* **Stored items**
--
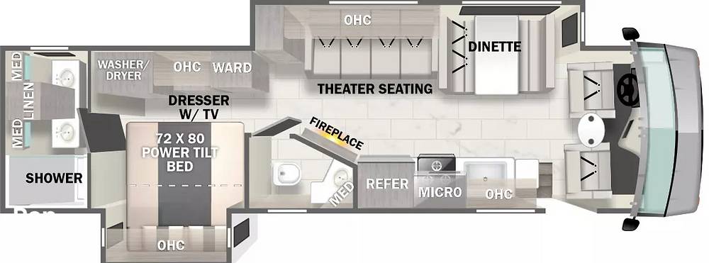Inside, you'll find a thoughtfully designed living space that comfortably sleeps up to six people. Whether you're traveling with family or friends, everyone will enjoy the cozy sleeping arrangements and the inviting atmosphere. The well-equipped kitchen features modern appliances, allowing you to prepare delicious meals on the go. Relax in the comfortable seating area, where you can unwind after a day of exploration or enjoy a movie night with the built-in entertainment system.
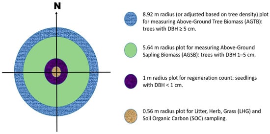Using a stratified random sampling approach, six circular plots of 250 m2 (0.025 ha each) were established with a sampling intensity of 0.05%. Each plot was designed with concentric subplots:
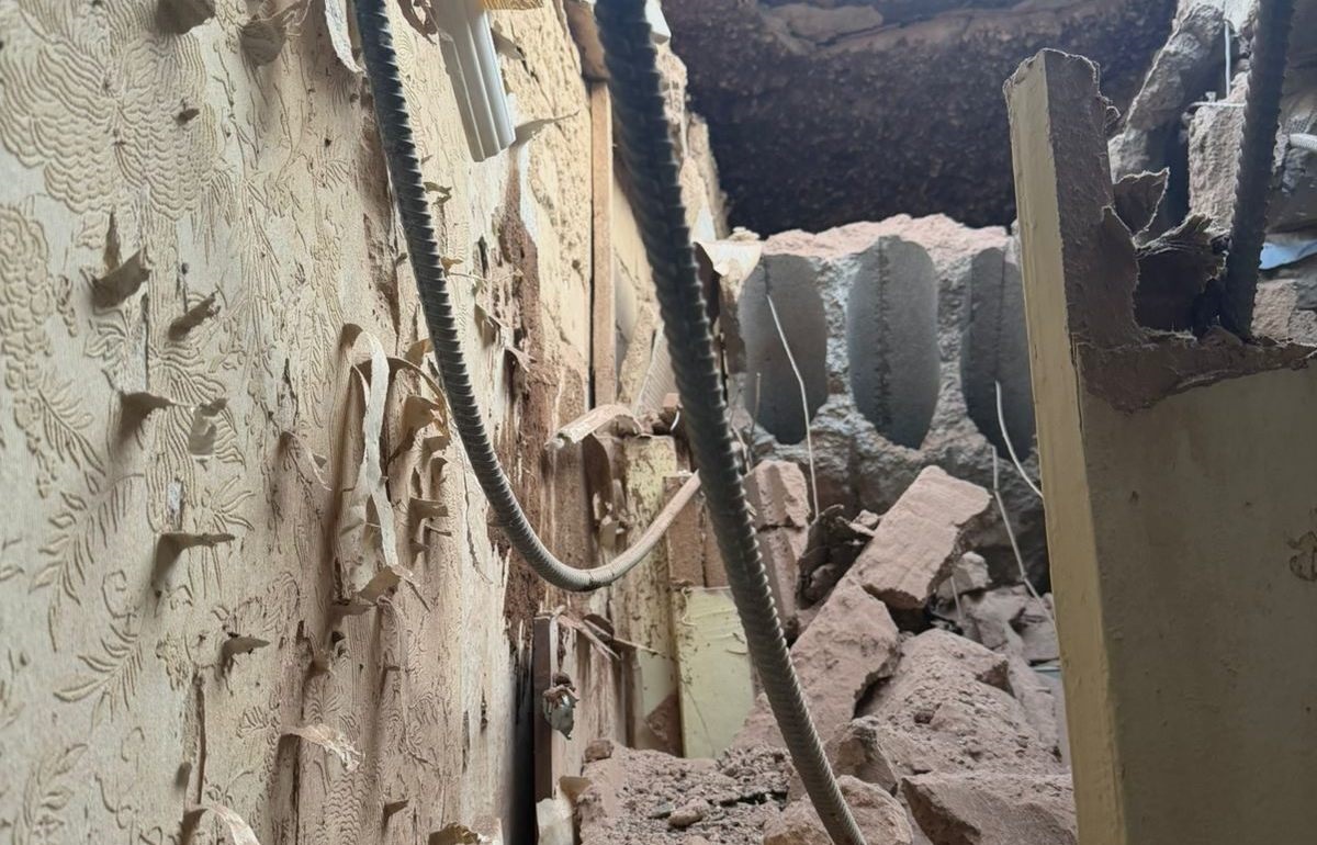 Повідомляється також, що внаслідок прямого влучання у багатоповерхівку зруйновано квартиру на верхньому поверсі, пошкоджено й сусідні квартири.
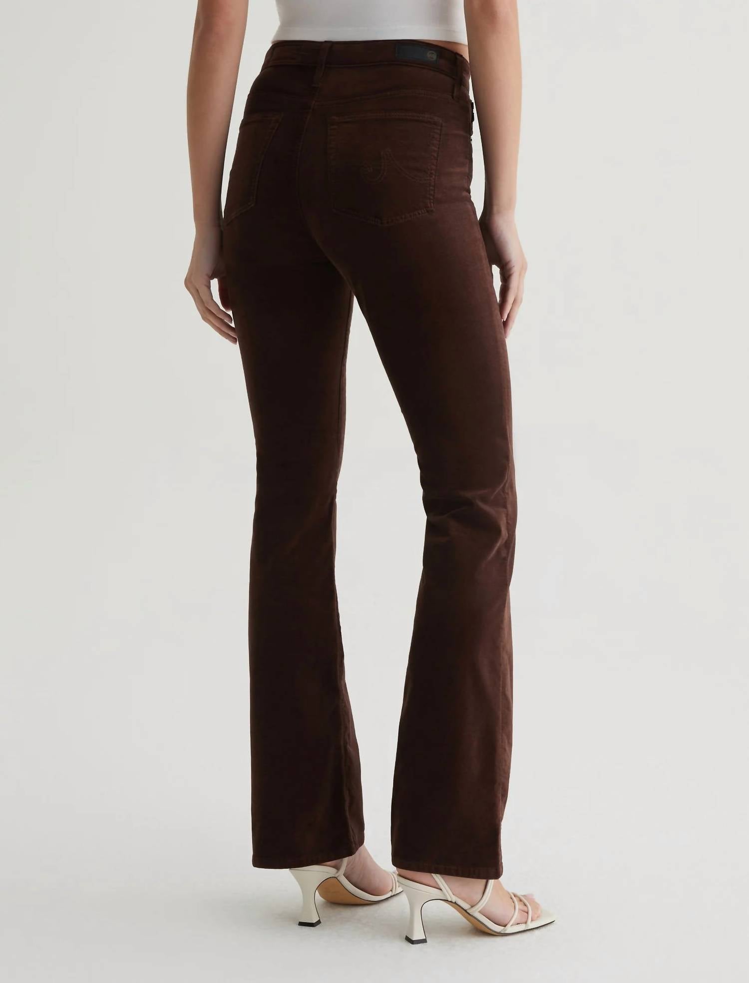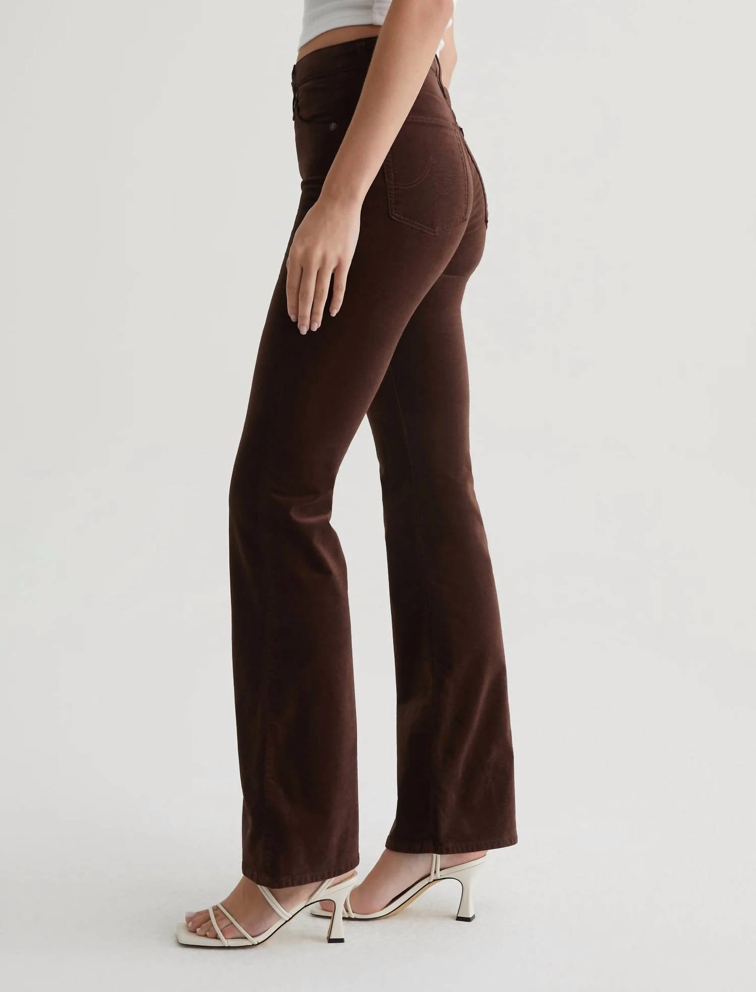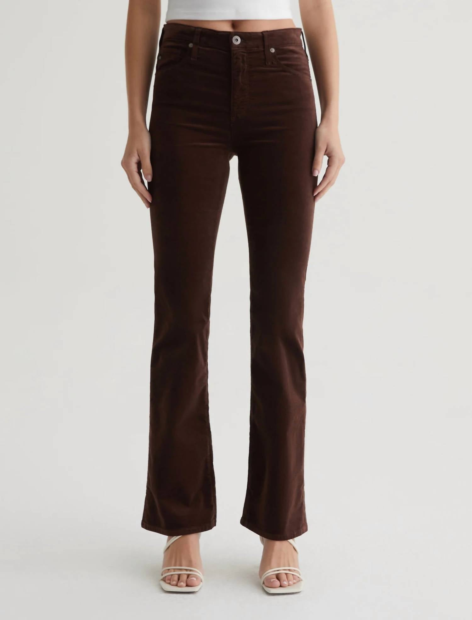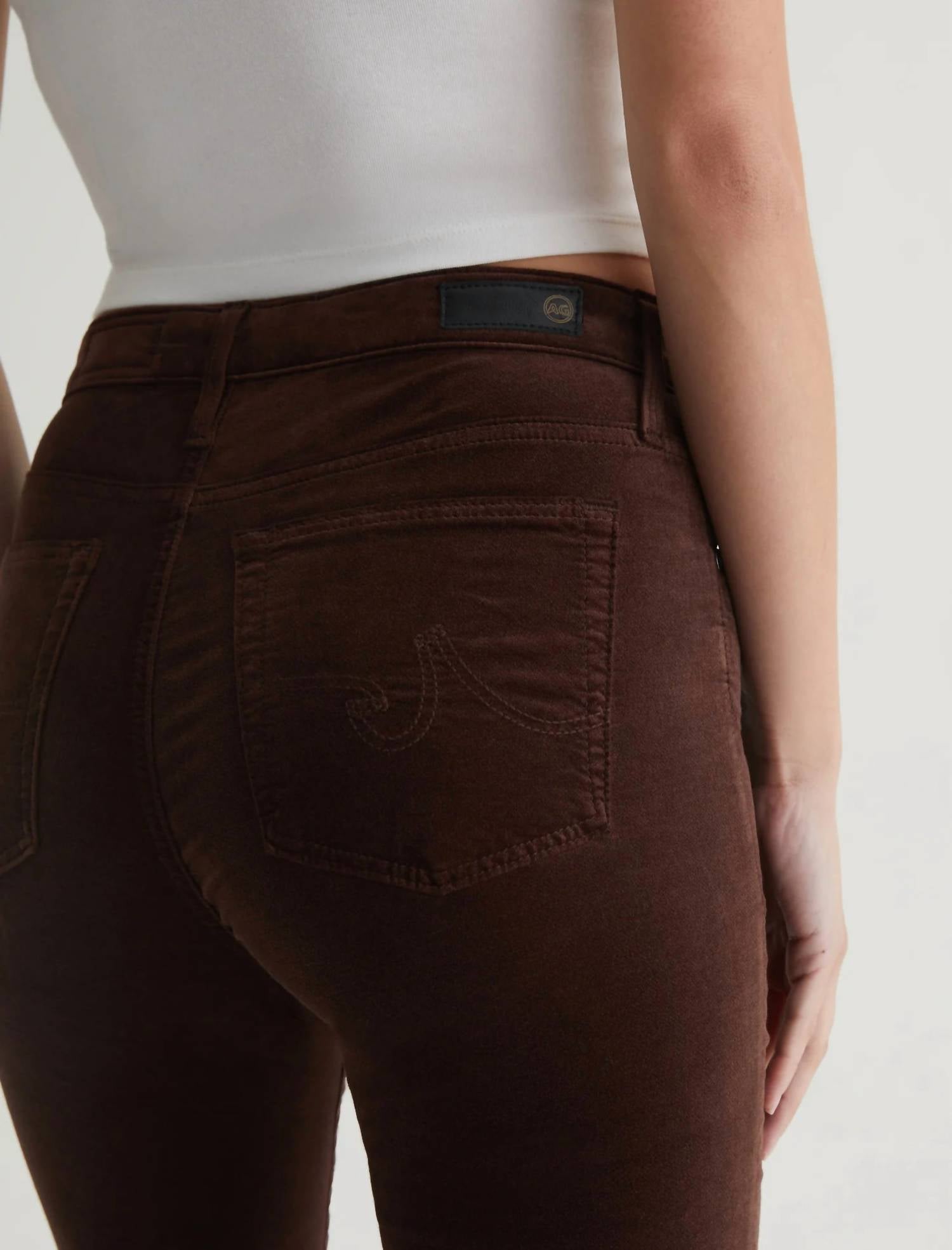 High-waist is here to stay and we especially love this style. Elevate your wardrobe with the Farrah Boot High Rise Boot Jeans by AG Jeans, designed for women seeking style and comfort. These jeans feature a high-rise waist and a regular straight leg fit, crafted from 7.5 oz. Opulent Stretch Velvet in a solid Bitter Chocolate shade. Made with a cotton blend, this piece ensures a flattering silhouette with a skinny fit through the leg, opening into a subtly flared hem. Closure: Button closure. Care: Machine wash, tumble dry. Key measurements include a 10" rise, 14" knee opening, 18.5" bottom opening, and a 32" inseam.
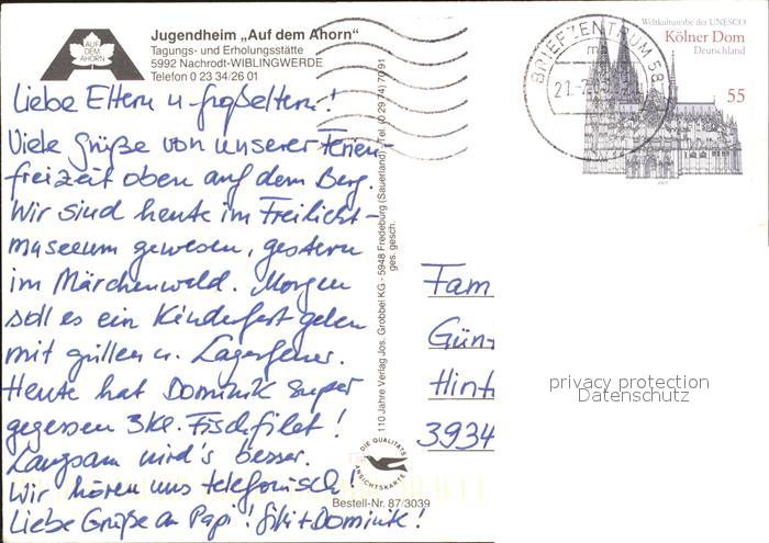 72082859 alte Postkarte Nachrodt-Wiblingwerde Jugendheim Auf dem Ahorn postalisch gelaufen Erhaltung siehe scans KatCode: 11110005962044
--
What you should return is the exact text of every line from the top of the entries through the line with "Using a stratified", pictures removed.

* **Written solution**
Inside, you'll find a thoughtfully designed living space that comfortably sleeps up to six people. Whether you're traveling with family or friends, everyone will enjoy the cozy sleeping arrangements and the inviting atmosphere. The well-equipped kitchen features modern appliances, allowing you to prepare delicious meals on the go. Relax in the comfortable seating area, where you can unwind after a day of exploration or enjoy a movie night with the built-in entertainment system.
Using a stratified random sampling approach, six circular plots of 250 m2 (0.025 ha each) were established with a sampling intensity of 0.05%. Each plot was designed with concentric subplots:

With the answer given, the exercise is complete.